SUPERIOR COURT OF NEW JERSEY APPELLATE DIVISION


December 30, 2009

1099, L.L.C., PLAINTIFF-RESPONDENT,
v.
RECREATIONAL HEALTH CARE CONCEPTS, INC., FITNESS FACTORY, L.L.C., ANTHONY R. SCARPELLO, AN INDIVIDUAL, JAMES QUINN, AN INDIVIDUAL AND ALBERT CATTAFI, AN INDIVIDUAL, DEFENDANTS-APPELLANTS.

On appeal from Superior Court of New Jersey, Law Division, Essex County, Docket No. L-11065-01.

Per curiam.

NOT FOR PUBLICATION WITHOUT THE APPROVAL OF THE APPELLATE DIVISION

Argued November 18, 2009

Before Judges Sabatino and Lyons.

This case requires us to determine the efficacy of a judgment creditor's post-judgment levy on monies owed to a judgment debtor for the use of an office condominium which is titled in the name of the judgment debtor and his wife, as tenants by the entirety. Defendant Albert Cattafi appeals two post-judgment orders. The first denied a motion to quash a levy by plaintiff, 1099, L.L.C. (1099 LLC), on monies to be paid to Cattafi by two doctors who utilize, from time to time, some of the space in the office condominium maintained by Cattafi for his chiropractic practice. The other order denied Cattafi's motion to fix plaintiff's rights to rents and defendant's rights to receive credits for expenses against those rents, as well as to fix an equitable amount to be paid by Cattafi to 1099 LLC out of his income. The following factual and procedural history is relevant to our consideration of the issues advanced on appeal.

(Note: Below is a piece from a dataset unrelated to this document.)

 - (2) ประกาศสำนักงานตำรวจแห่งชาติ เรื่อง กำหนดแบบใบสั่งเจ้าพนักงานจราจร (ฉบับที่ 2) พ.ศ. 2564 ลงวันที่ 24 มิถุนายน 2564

On September 25, 1992, Cattafi and his wife took title to a condominium unit, Unit 2B, at 312 Belleville Turnpike, North Arlington, New Jersey, as tenants by the entirety. On March 31, 2003, 1099 LLC obtained a judgment for $289,898.18 against Cattafi and others. The judgment was docketed on May 2, 2003, under Judgment No. J-103620-03. On July 19, 2007, a writ of execution was entered directing the Sheriff of Bergen County to satisfy the judgment against Albert Cattafi out of the personal property of Cattafi within Bergen County. On December 21, 2007, the Sheriff levied "upon [the] business assets of... Albert Cattafi, found at" Unit 2B.

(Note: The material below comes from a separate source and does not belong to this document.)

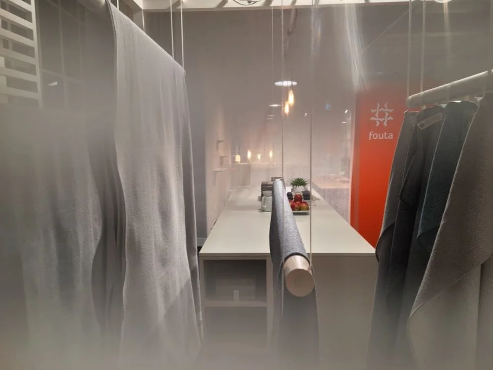 Der temporäre Stand übersetzte die Leichtigkeit der Fouta-Tücher in eine architektonische Sprache: Lokale Holzmodule, Duschstangen, Lavabo und textile Schichtungen erinnerten an ein reduziertes Badambiente, in dem das Produkt räumlich in Szene gesetzt wurde. Die Konstruktion war steckbar und wiederverwendbar, die Logistik auf minimale Volumen optimiert. Stauraum für Give-Aways, Personalverpflegung und Prospekte wurde flächenbündig integriert.
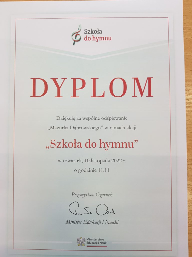 Uczniowie, nauczyciele i pracownicy szkoły włączyli się również w akcję „Szkoła do Hymnu”, polegającą na wspólnym odśpiewaniu „Mazurka Dąbrowskiego”.

Among the business assets found were monies to be paid by two doctors who had entered into an agreement, directly with Cattafi, to utilize his professional suite from time to time for patient examinations and consultations. Dr. Andrew Leyble had an agreement to pay Cattafi $1,000 a month for the use of part of his office, and Dr. Leonard Savino agreed to pay $550 per month to Cattafi for the use of part of his office, as well. Neither entered into a written agreement with Cattafi for the use of his space. Dr. Leyble, at a deposition, testified that he had been leasing space in Unit 2B from Cattafi since November of 2005 and, since then, he has been and remains listed on the entrance of the building as occupying Unit 2B. The doctor further testified that he had no business dealings with Cattafi's wife and that Cattafi acted at all times as the landlord, such as by directly accepting the payments.

Dr. Savino did not appear himself at his deposition, but his office manager appeared and testified that Dr. Savino leases space on a month-to-month basis pursuant to an oral lease with Cattafi. She also testified that Dr. Savino's name is listed on the entrance of the building and that he has been occupying the space at issue for the past five years. She further stated that, like Dr. Leyble, Dr. Savino has had no business dealings with Mrs. Cattafi and that all of the dealings he had concerning this space were had with Cattafi.

On January 17, 2008, Cattafi executed an Assignment of Rents. This document, signed only by Cattafi, assigned "all rents and sums due and to become due under a certain verbal lease agreement[s]... entered into between Assignor [Cattafi] and Lessors [Drs. Leyble and Savino]...." The assignment was to Bayview Loan Servicing, LLC (Bayview), the holder of a mortgage given to the Cattafis on the condominium unit.

On April 25, 2008, Cattafi filed a motion to quash the levy the Bergen County Sheriff served on the rents due Cattafi from Drs. Leyble and Savino. Oral argument was heard on that motion on June 4, 2008, and the court issued an order on July 14, 2008, with respect to it. The July 14, 2008 order found that the assignment of rents made by Cattafi to Bayview was ineffective as to 1099 LLC's levy, and the court ordered, therefore, that the $1,550 per month to be paid by the doctors to Cattafi should be paid directly to 1099 LLC. Cattafi was further ordered to provide plaintiff with a full accounting of the expenses and income derived from Unit 2B. The court provided in its order that 1099 LLC was entitled to one-half of the fair market rental value of Unit 2B, less one-half of the carrying costs of Unit 2B, and the order provided that 1099 LLC shall only receive this sum if it makes application for it to the court, but in no event would it be liable for the carrying costs unless it makes such application. To date, 1099 LLC has not chosen to do so. In the July 14, 2008 order, 1099 LLC was also permitted to conduct its own accounting and appraisal with respect to Unit 2B.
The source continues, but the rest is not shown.